第54話 第二章 川越藩 水力発電

 それから数週間が過ぎた。揚げパンと玉子焼きの噂が街道筋に流れる中、佐伯雄一の噂も広がって行った。府中に異人のような大男が不思議な食べ物を作っている。   時々この世の物とは思えない鉄の乗り物に乗っているなど話題になった。玉子焼きとパンは木綿屋でも作れるがパンはパンを作る釜が必要だ。


 これまではトースターを代用していたが、それでは無理がある。次はトースターを改良した電釜を使う。これだけ売れれば雄一は毎日パン造りの日々が続く、それでは自分の時間が作れない。そこでもう一台パンを焼く釜を作り木綿屋に持って行った。もうその頃はパンの生地の作り方は木綿屋の若い衆が作れるようになっていた。

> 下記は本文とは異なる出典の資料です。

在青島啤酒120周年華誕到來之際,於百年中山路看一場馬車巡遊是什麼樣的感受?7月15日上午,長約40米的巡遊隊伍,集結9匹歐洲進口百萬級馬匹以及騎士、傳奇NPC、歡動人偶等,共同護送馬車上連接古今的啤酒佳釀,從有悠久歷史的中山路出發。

電気釜を持ってきたが電気が必要だった。とてもじゃないがバッテリーを充電したものでは火力が足りない。そこで考えたのは水車で電気を作る事だ。幸いに木綿屋の裏に小川が流れている。そこに水車を作る事にした。水車は八綿屋に頼み、水車の職人に作らせた。周りの人は農家でもないのに水車を何に使うのか不思議がっている。雄一の要望も入れ理想の水車が出来た。

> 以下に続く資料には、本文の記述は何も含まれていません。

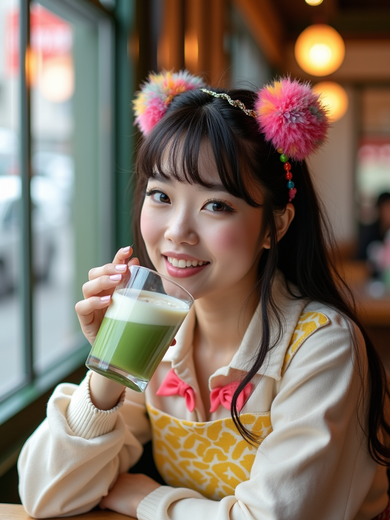 model in a trendy café in Harajuku, wearing a kawaii-inspired outfit with colorful accessories , drinking matcha latte

水車発電にも色々あるが最初はフランシス水車方式を考えたが、シンプルに水車小屋を作り歯車を連動させ、そこにベルトコンベアを取り付けモーターと接続させる。雄一は変圧器も取り付け問題なく一定の電流が流れる事に成功した。また上手く行かなければ別な方法を考えれば良い。水車小屋で電気を作り、そこから電線を伸ばし木綿屋まで繋いだ。そして電気コードを電気釜に繋いだ。電力的は問題なく電気釜は上手く行った。果たしてパンは出来るのか? なんと一発で成功だ。あとはパンを作る者たち釜の使い方を伝授すれば、雄一が自由を得られる。ついでにパン工房に蛍光灯もつけてやった。これで夜でもパンが作れる。